**Given entries**

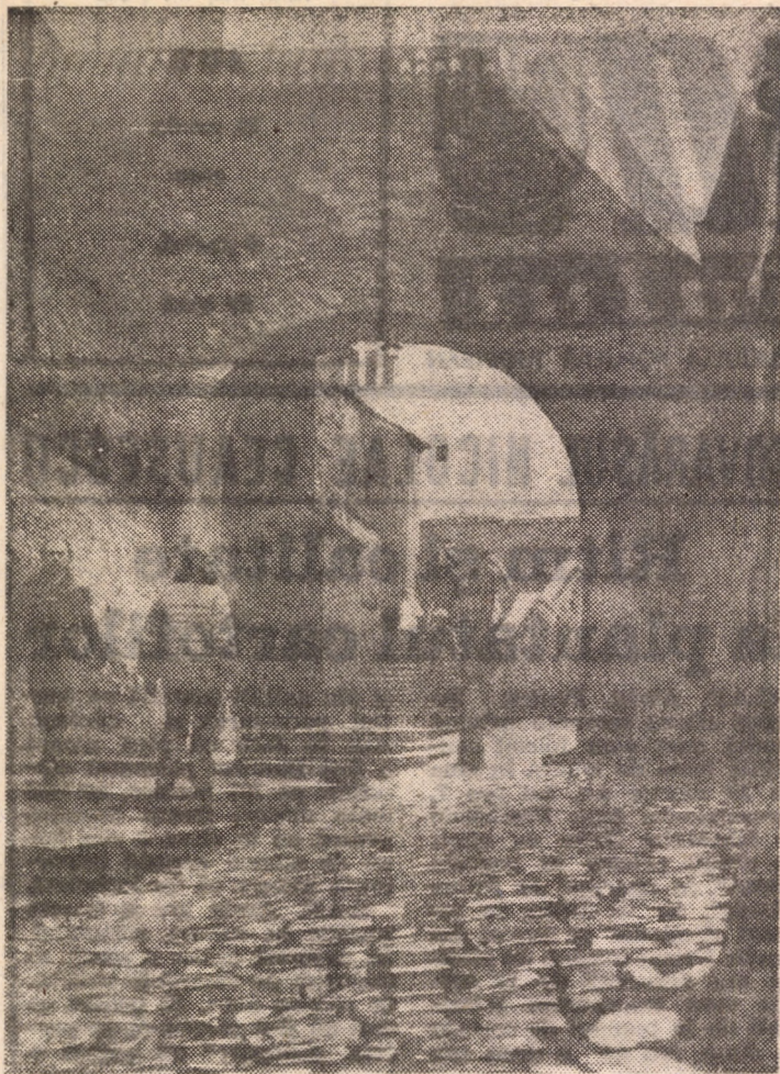
Pasajul scîrilor — drum de acces spre „orașul de sus“ al Sibiului
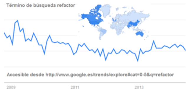
Fig. 1. Tendencias término de búsqueda "refactor", categoría "informática electrónica".

com), como bibliográfica (Brown, 1998), (Fowler et al. , 1999), (Lippert & Roock, 2006), (Wake, 2004).
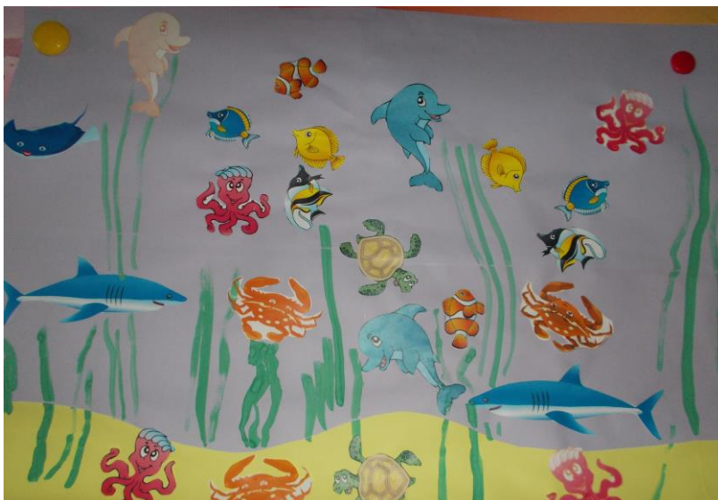
Аппликация «Морские обитатели»
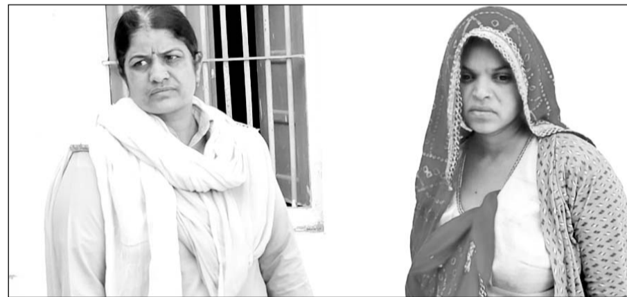
पुलिस ने मासूम बेटे की हत्या के आरोप में मां को गिरफ्तार किया।
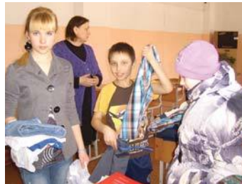
Раздача детских вещей

– Огромное спасибо за вещи, дети надели и не хотели снимать, так всё понравилось. Сейчас тяжёлое время для многих, но есть люди, для которых чужой беды не бывает. Очень приятно, что кому-то небезразлична судьба многодетных семей.
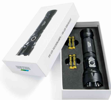
Lampe de poche LED 3 W, dans son emballage
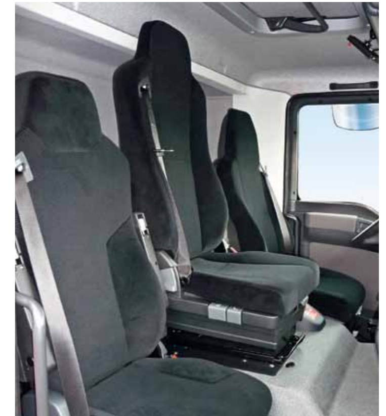
Luftgefederter, verstellbarer Mittelsitz mit integriertem 3-Punkt-Gurtsystem.
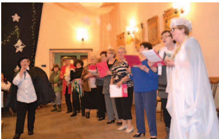
Występ KGW Buczkowice.
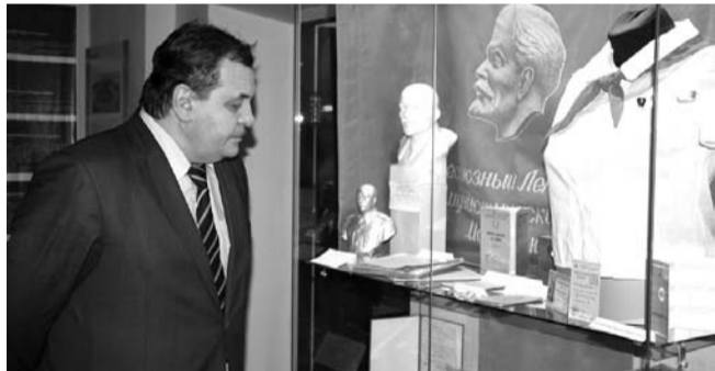
НА ФОТО: РЕНАТ СУЛЕЙМАНОВ НА ОТКРЫТИИ ВЫСТАВКИ

В музее Центрального района Новосибирска открылась экспозиция, посвященная культурным и промышленным предприятиям, расположенным в Центральном районе. Открытие выставки посетил вице-спикер Совета депутатов города Новосибирска Ренат СУЛЕЙМАНОВ , чья жизнь неразрывно связана с Центральным районом нашего города.
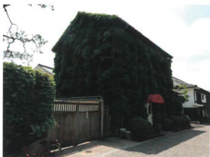
喫茶エル・グレコ 薬師寺設計
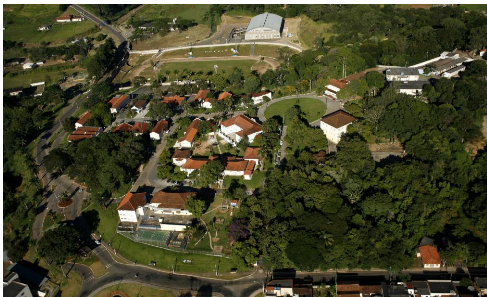
Vista aérea do campus histórico da Ufla
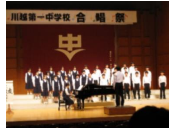
【 3-2 金賞 】
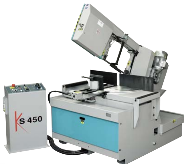
KS 450 ESC
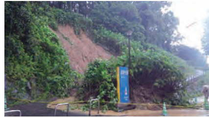
高炉台公園で発生した崖崩れ 7月7日

中でも八幡東区では、7月7日から10日にかけて250ミリという市内で最も激しい降雨にみまわれたため、
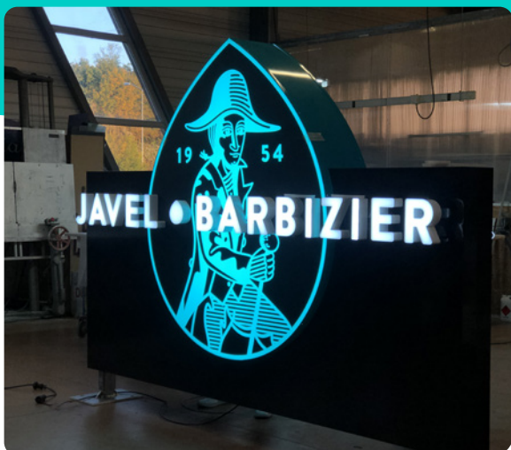
Toutes nos enseignes lumineuses sont testées en atelier avant d'être livrées et installées par notre équipe de pose.
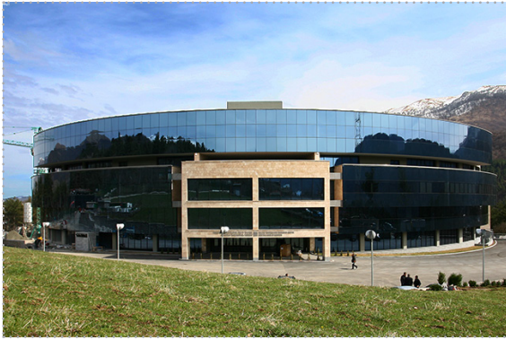
Учебно-исследовательский центр Центрального банка Республики Армения (г. Дилижан)

Учебно-исследовательский центр Центрального банка Республики Армения находится в городе Дилижан, который является горноклиматическим и бальнеологическим курортом, расположенным на высоте 1250-1500 м над уровнем моря в 110 км от Еревана.

**Activity**
Start with the line with "Fig. 1. Tendencias" in the listing above and stop after the line with "Раздача детских вещей". Write out exactly the lines in that stretch and no others, without pictures.

**Response to the task**
Fig. 1. Tendencias término de búsqueda "refactor", categoría "informática electrónica".

com), como bibliográfica (Brown, 1998), (Fowler et al. , 1999), (Lippert & Roock, 2006), (Wake, 2004).
Аппликация «Морские обитатели»
पुलिस ने मासूम बेटे की हत्या के आरोप में मां को गिरफ्तार किया।
Раздача детских вещей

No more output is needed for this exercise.